Debt simply hasn’t been a major issue for many companies in the marijuana industry. There’s a simple reason for that: Banks wouldn’t loan them any money.
But it’s becoming easier for marijuana businesses to obtain loans. And some companies with core businesses outside of the cannabis industry have taken on debt to make acquisitions to jump on board the marijuana bandwagon.
Which marijuana stocks have the most debt? And should investors be worried about any of them?
The biggest debtors
The five companies that operate in the marijuana industry with the highest total long-term debt levels right now are:
|Company||Total Long-Term Debt|
|Constellation Brands (NYSE:STZ)||$13.6 billion|
|Scotts Miracle-Gro (NYSE:SMG)||$2 billion|
|Aurora Cannabis (NYSE:ACB)||$599 million|
|Tilray (NASDAQ:TLRY)||$420.4 million|
|Aphria (NYSE:APHA)||$46.7 million|
Constellation Brands is by far the biggest debtor. The company is also the newest of the five to enter the cannabis market. In 2017, the alcoholic beverage maker bought a 9.9% stake in Canopy Growth. Constellation increased its ownership interest in Canopy to 38% last year with an additional $4 billion investment.
Scotts Miracle-Gro is in a distant second place on our list. The company has a long history in the consumer lawn and garden products business. But Scotts began taking on more debt several years ago to acquire suppliers to the U.S. cannabis industry.
The next three companies on the list are Canadian marijuana producers. Aurora Cannabis has the highest debt level of this group adding the company’s issuing of $345 million of convertible senior notes in January 2019 on top of its debt of close to $254 million at the end of 2018.

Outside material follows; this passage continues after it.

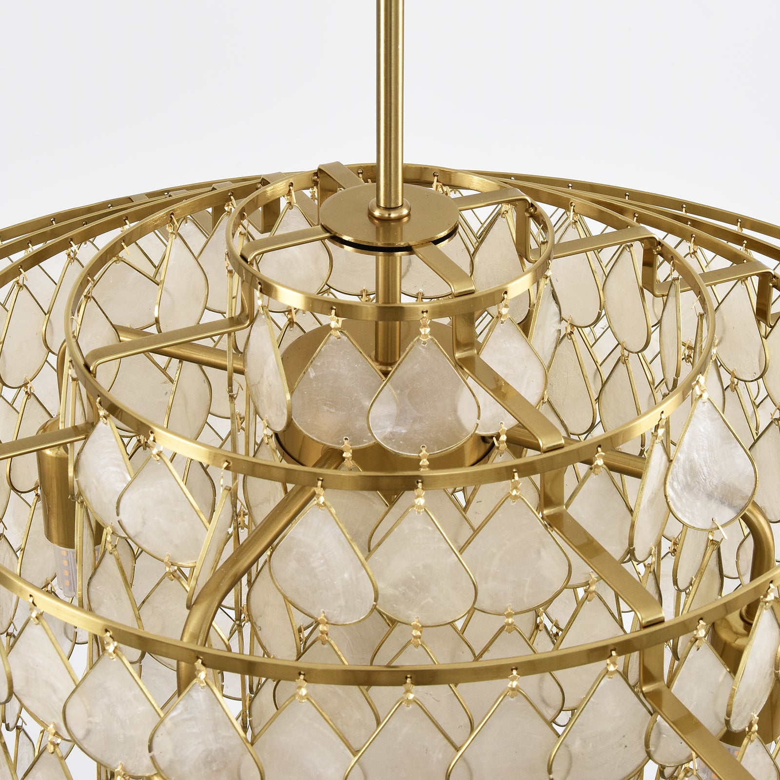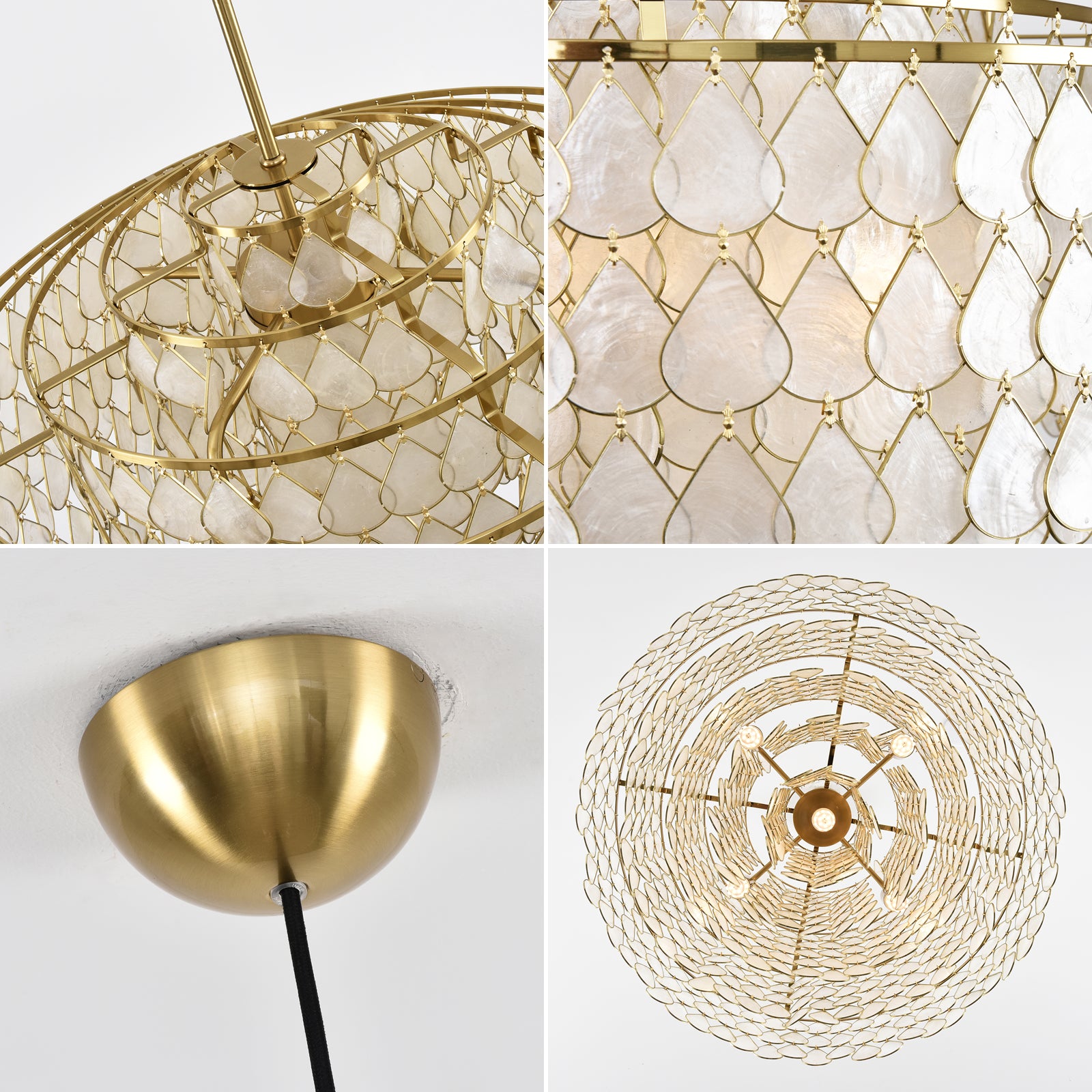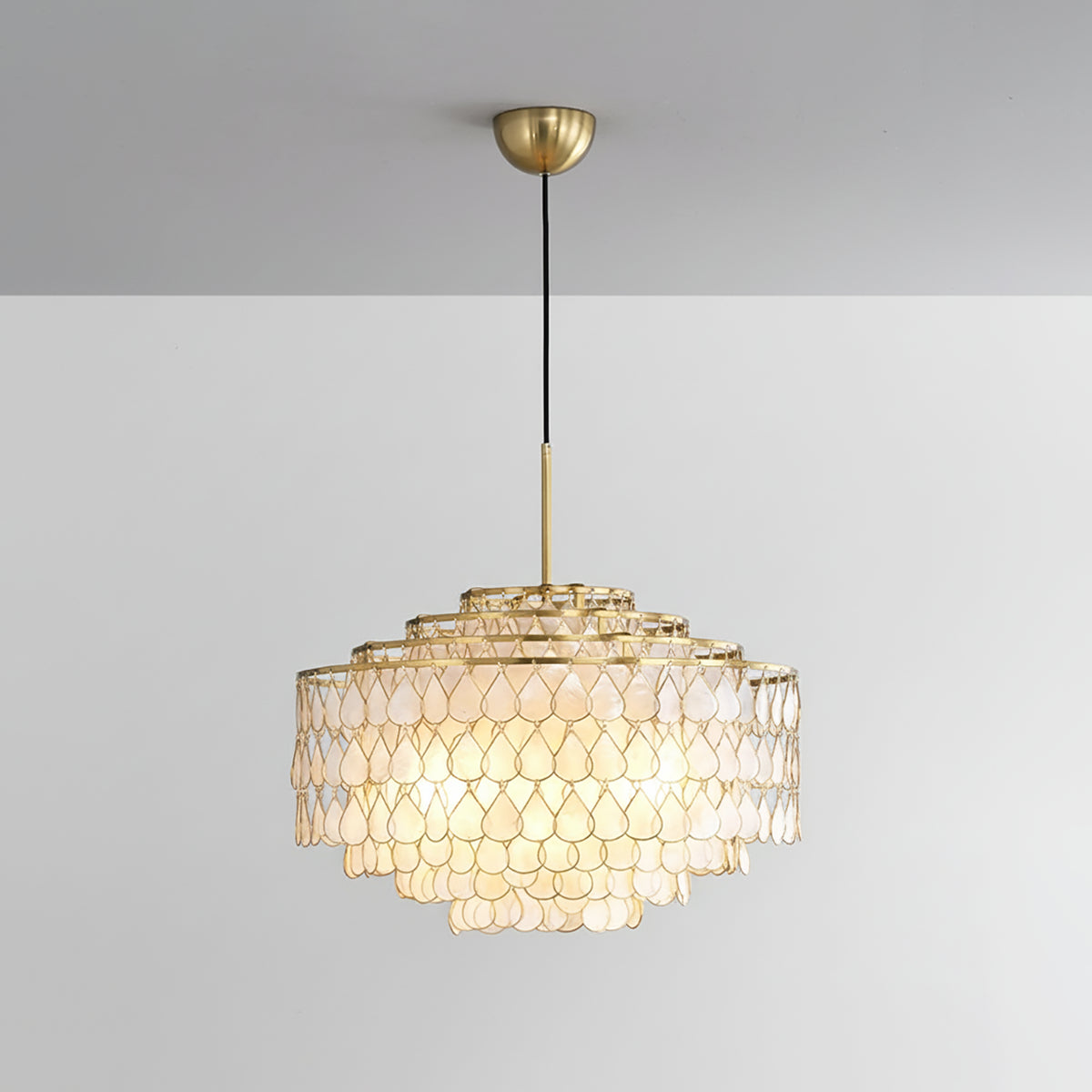 Infuse your home with the tranquil beauty of the ocean and effortlessly luxurious design! The Shell Teardrops Tiered Chandelier is the ultimate choice for creating a romantic and elegant ambiance. This pendant light features a striking, multi-layered structure, with delicate natural shell pieces meticulously suspended from a circular body, shaped like shimmering teardrops. Each shell is secured by a delicate copper frame.

Tilray also has a high debt load thanks to its $450 million convertible notes offering in October 2018. Aphria’s total debt is well behind that of Aurora and Tilray right now. However, Aphria recently announced plans to offer $300 million of convertible senior notes.
More important factors
There’s something much more important when it comes to debt than the amount that a company owes: the ability of the company to repay the debt. Suppose, for example, you owe $100,000 and your friend owes $1 million. If you only make $30,000 per year and your friend makes $2 million per year, your debt load is much more concerning than your friend’s because you’ll have a bigger challenge paying off your debt.
Constellation made $8.1 billion in revenue last year. Scotts Miracle-Gro generated revenue of $2.7 billion in its latest fiscal year. Based on these figures, neither company’s debt appears to be too concerning.
Of course, the earnings for Constellation and Scotts were much lower — $3.4 billion and $63.7 million, respectively. But both companies still should be able to service their debt relatively easily.
What about Aurora, Tilray, and Aphria? The numbers look a lot scarier. None of the marijuana producers were profitable in their last reported quarter. With continued losses, the companies could have to take on more debt to fund operations or issue more shares, causing dilution in the value of existing shares. Neither is an appealing scenario.
Investors probably don’t need to worry too much just yet about Aurora, Tilray, and Aphria, though. Sales are skyrocketing for all three companies. Aphria thinks it’s possible that revenue will reach 500 million Canadian dollars (around US$375 million) this year and double that amount in 2020. Aurora and Tilray could also continue to enjoy tremendous revenue growth.
But there are some risks. One analyst has already cut revenue estimates for Canopy Growth because of concerns that are likely to impact Aurora, Tilray, and Aphria. It’s possible that Canada won’t launch the cannabis edibles market as soon as many expect. International medical cannabis markets could take longer to ramp up than anticipated. If these scenarios become reality, it’s possible that these Canadian marijuana producers with big debt levels could run into problems.